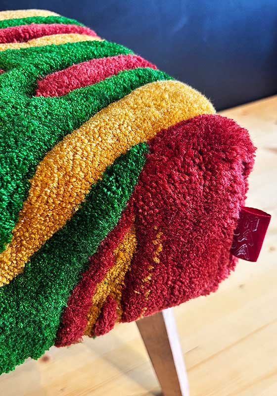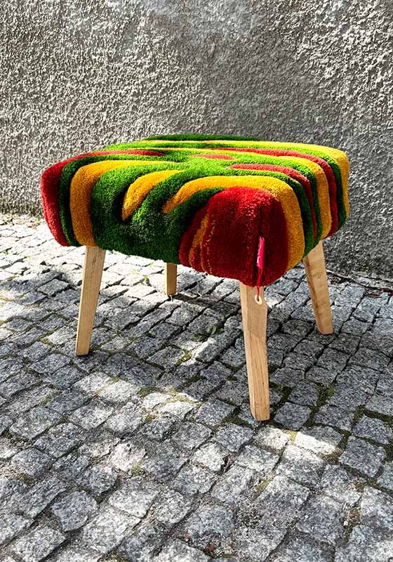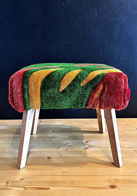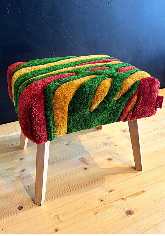 Šis pufas yra restauruotas, medinės detalės originalios, nušlifuotos ir naujai nulakuotos, išlaikytas baldo autentiškumas ir klasikinė forma. Visiškai pakeistos visos vidinės ir išorinės minkštosios dalies detalės, gobelenas sukurtas rankomis taftingo būdu iš vilnonių ir akrilinių siūlų. Audinys minkštas, tankus ir ilgaamžis, gobelenas iškarpytas skirtingais aukščiais, tai sukuria malonų daugiasluoksniškumą, baldas iš skirtingų pusių atrodo vis kitaip.
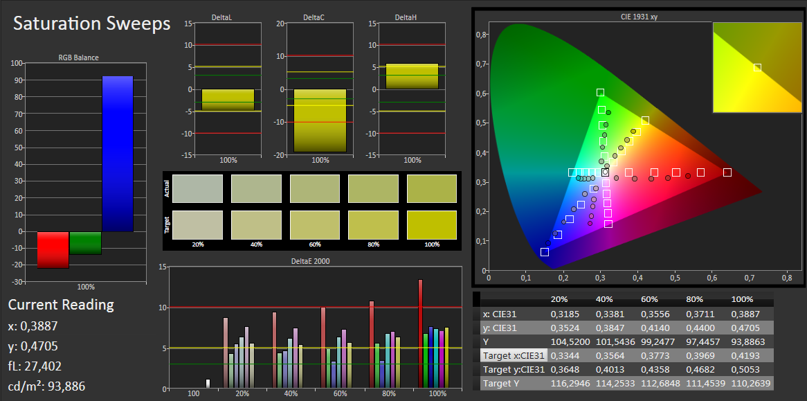 Auch unser Blick auf die Farbdarstellung kann das Ruder für das gewählte Panel nicht mehr herumreißen. Ein DeltaE(2000) von 6,77 im Colorchecker und 6,82 bei den Graustufen weist auf eine sichtbare Abweichung im Vergleich zum sRGB-Soll hin. Auch wenn dies eher nur für Grafiker von Interesse ist, hat auch der Otto-Normal-Verbraucher einen sichtbaren Blaustich des Bildes zu akzeptieren.
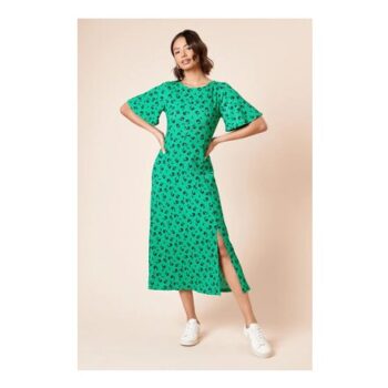 Dorothy Perkins Green Floral Angel Sleeve Jersey Midi Dress
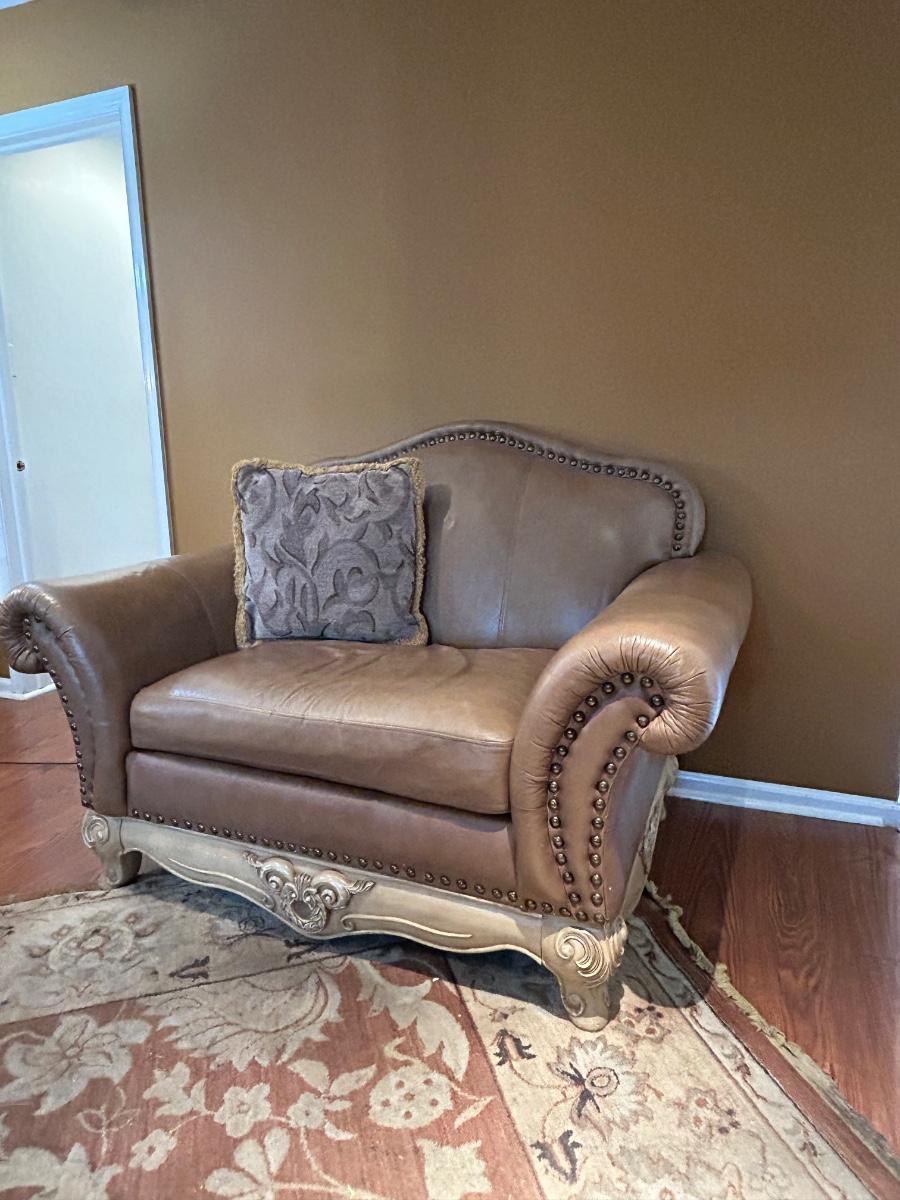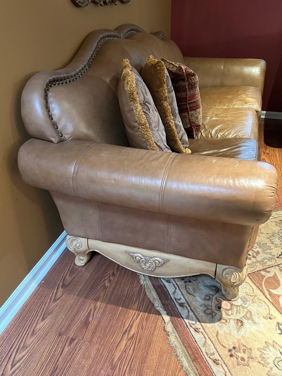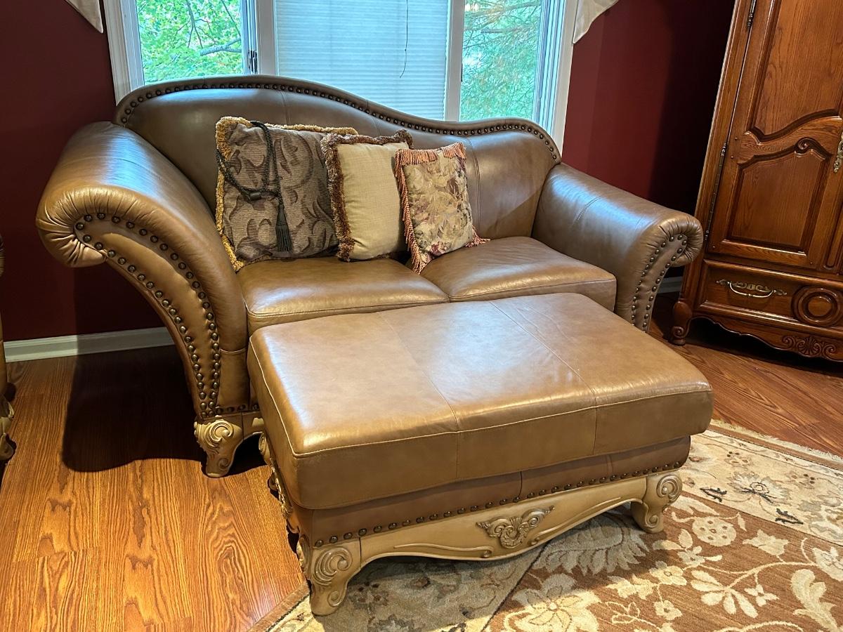 Large Leather sofa, loveseat, oversized chair and ottoman.
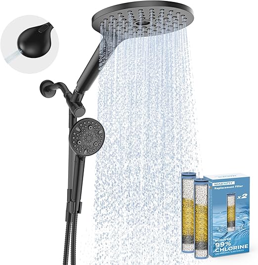 • Dual Filtered Handheld Shower Head: Are you experiencing dry skin, weak hair, or unpleasant odors coming from your showerhead due to hard water? MakeFit newest designed dual filtered handheld shower head features a powerful filtration system, equipped with advanced KDF55, calcium sulfite, vitamin C, ceramic balls, and more, effectively remove chlorine, fluoride, heavy metals, and other harmful substances commonly found in tap water, improving the overall health and appearance of your skin and hair in both hot and cold water
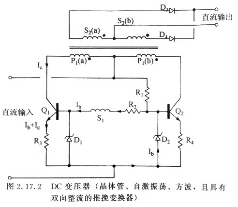 DC-DC變壓器舉例 在本例中,用推挽變換器來說明其工作原理。圖2。17。2表示了一個典型的自激振蕩方波變換器。這種變換器的特點是以全導通角工作,即不使用脈寬調制,每個晶體管的導通占整個周期的50%。同時在這種簡單結構中,變換器沒有調節作用,直流輸出電壓會隨輸入而變化。

- **To do**:
Output all of the listing above, exactly as given, but without its pictures.

- **Solution to the exercise**:
 Šis pufas yra restauruotas, medinės detalės originalios, nušlifuotos ir naujai nulakuotos, išlaikytas baldo autentiškumas ir klasikinė forma. Visiškai pakeistos visos vidinės ir išorinės minkštosios dalies detalės, gobelenas sukurtas rankomis taftingo būdu iš vilnonių ir akrilinių siūlų. Audinys minkštas, tankus ir ilgaamžis, gobelenas iškarpytas skirtingais aukščiais, tai sukuria malonų daugiasluoksniškumą, baldas iš skirtingų pusių atrodo vis kitaip.
 Auch unser Blick auf die Farbdarstellung kann das Ruder für das gewählte Panel nicht mehr herumreißen. Ein DeltaE(2000) von 6,77 im Colorchecker und 6,82 bei den Graustufen weist auf eine sichtbare Abweichung im Vergleich zum sRGB-Soll hin. Auch wenn dies eher nur für Grafiker von Interesse ist, hat auch der Otto-Normal-Verbraucher einen sichtbaren Blaustich des Bildes zu akzeptieren.
 Dorothy Perkins Green Floral Angel Sleeve Jersey Midi Dress
 Large Leather sofa, loveseat, oversized chair and ottoman.
 • Dual Filtered Handheld Shower Head: Are you experiencing dry skin, weak hair, or unpleasant odors coming from your showerhead due to hard water? MakeFit newest designed dual filtered handheld shower head features a powerful filtration system, equipped with advanced KDF55, calcium sulfite, vitamin C, ceramic balls, and more, effectively remove chlorine, fluoride, heavy metals, and other harmful substances commonly found in tap water, improving the overall health and appearance of your skin and hair in both hot and cold water
 DC-DC變壓器舉例 在本例中,用推挽變換器來說明其工作原理。圖2。17。2表示了一個典型的自激振蕩方波變換器。這種變換器的特點是以全導通角工作,即不使用脈寬調制,每個晶體管的導通占整個周期的50%。同時在這種簡單結構中,變換器沒有調節作用,直流輸出電壓會隨輸入而變化。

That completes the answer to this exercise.